This is an automated email from the ASF dual-hosted git repository.

jaydoane pushed a commit to branch configurable-binary-chunk-size
in repository https://gitbox.apache.org/repos/asf/couchdb.git

commit 2464e24902714c369b32dc759b0d4f9f3cdf259a
Author: Jay Doane <[email protected]>
AuthorDate: Fri Apr 10 15:08:54 2020 -0700

    Enable configurable binary chunk size
    
    Currently, the size of binary chunks used for values is fixed at the FDB
    imposed limit of 100kB, although they recommend using 10KB [1], (also
    note they subtly change units).
    
    This makes that value configurable, allowing e.g. benchmarks to compare
    performance of runs with varying chunk size.
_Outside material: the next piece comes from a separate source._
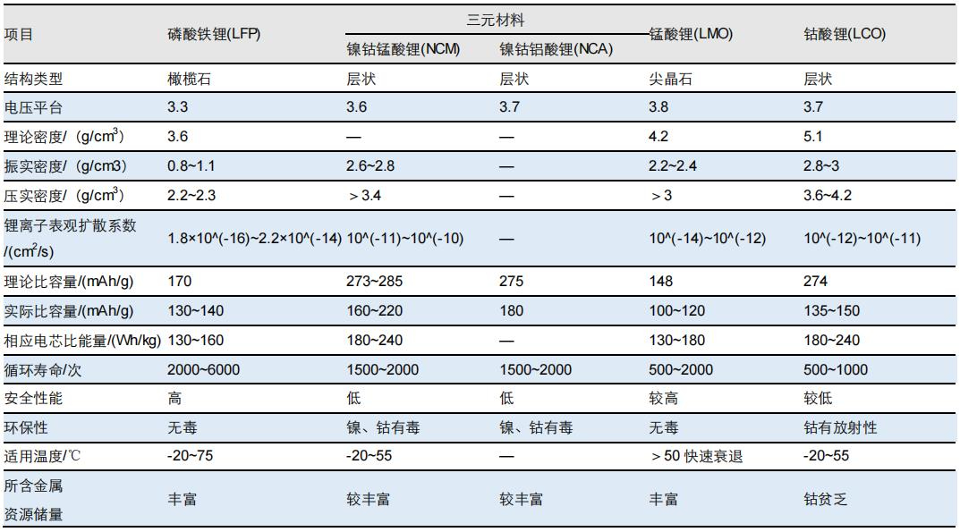 钴酸锂 LiCoO2(LCO)因具有较高的能量密度而首先广泛应用于数码领域,产业成熟度相对较高使其在电动车上得到较快的转换应用。但高电压下更多的锂离子从晶体结构中脱出,但锂的大量脱出会因为结构的破坏而影响电池的循环性能和安全性能。安全性差、寿命短且成本高的劣势限制其在动力电池领域的应用。(备注1:1981 年,Goodenough等提出层 LiCoO2 材料可以用作锂离子电池的正极材料。1983 年,Thackeray 等发现 LiMnO4 尖晶石是优良的正极材料。1991 年,Sony公司率先解决了已有材料的集成技术,推出了早期商业化锂离子电池,他们采用的体系是以无序非石墨化石油焦炭为负极,LiCoO2 为正极,LiPF6 溶于碳酸丙烯酯(PC)和乙烯碳酸酯(EC)为电解液。)

The cost is a ~10µs config
    lookup penalty for all database creation or open operations, whether
    documents are written or not.
    
    [1] https://www.foundationdb.org/files/record-layer-paper.pdf
---
 rel/overlay/etc/default.ini    |  3 +++
 src/fabric/include/fabric2.hrl |  2 +-
 src/fabric/src/fabric2_fdb.erl | 31 +++++++++++++++++++++----------
 3 files changed, 25 insertions(+), 11 deletions(-)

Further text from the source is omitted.